Actually, no. Because I do not love the last touches of Mass Effect 3. They were fine. cool Beans. that’s good. The standard complaint against those ends is that they do not reflect your decisions through the trilogy up to that point. This is not entirely true – what I picked up was completely out of sync with Shepard’s actions and decisions on three games. The ‘pick-from-three-options’ Deuce X-A-like structure was fairly inexpensive, but it eventually resolved a seemingly unplugged plot thread.
However, this is beside the point. Mass Effect 3 is a game about endings. Every main mission is an end. Most of the side oddities are an end. From the outset, the story ends and fades away everything created in the previous two games. There are many brilliant, memorable farewell types that have real emotional resonance. This is quite a feat for a big-budget RPG series about fun space adventures.
It should go without saying that I am going to spoil the mass effect 3. And also the stronghold DLC.
Granted, the ME3 is a bit heavy on sacrificial offers. Mordin, Legion, and eventually, Shepard can present him/herself all potentially for the greater good. Mordin Solas is my favorite of these, precisely because he is not a Capital-H hero. He is a scientist whose greatest achievement in the eyes of his people becomes his biggest source of regret. His guilt about his involvement in Krogan genophage is apparent in Mass Effect 2, as he believes it was necessary.
By ME3, it becomes clear that he is determined to fix whatever he has come to see as a mistake. Suppose your Shepard is not a great dick, he does so. He carries himself well as he steps into the elevator leading into the room which will simultaneously release the treatment and kill him in a big explosion. But there is a hint of sorrow – a small crack in his resolve. Unlike many of Shepard’s peers, Mordin is not a rabid crook. And yet he is abandoning himself anyway because it is his fault to fix it. As he told Shepard, “My project. My work. My treatment. My responsibility.”

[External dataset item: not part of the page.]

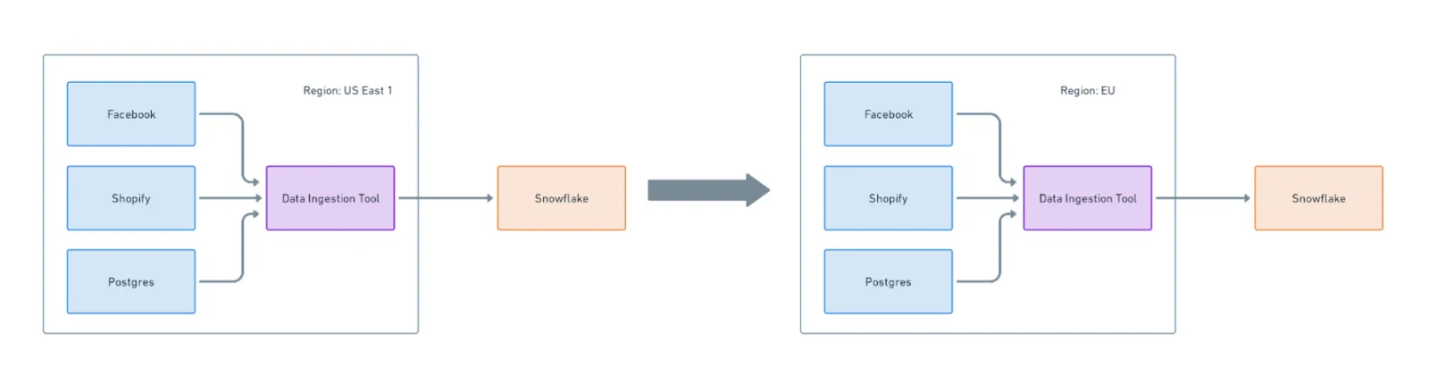 The second and more sophisticated approach is “Upgrade all infrastructure and processes to adhere to the new regulations” and do a lift-and-shift to the EU. For brevity, we skip the US and EU privacy law analysis and jump straight to a general data-aware strategy: move all data processing to the region with stricter data-privacy laws. This is the EU in this scenario. Compliance is ensured through making sure all data is compliant.

Gilbert and Sullivan’s last muted bar may also be a step in fan service, but what is it? He has earned
There is no grand sacrifice to end Thane. He was dying. Then he dies. However, there is a quiet, tragic victory. Thane’s story revolves around his son, Kolayat, and his desire to save her from a life of crime. By the time of his death, he was successful. Kolayat stands with him, as does Shepard – who, in my play, he was romancing. He is surrounded by his family and is spared the fact that he will not get to share in Shepard’s final battle – which he has achieved.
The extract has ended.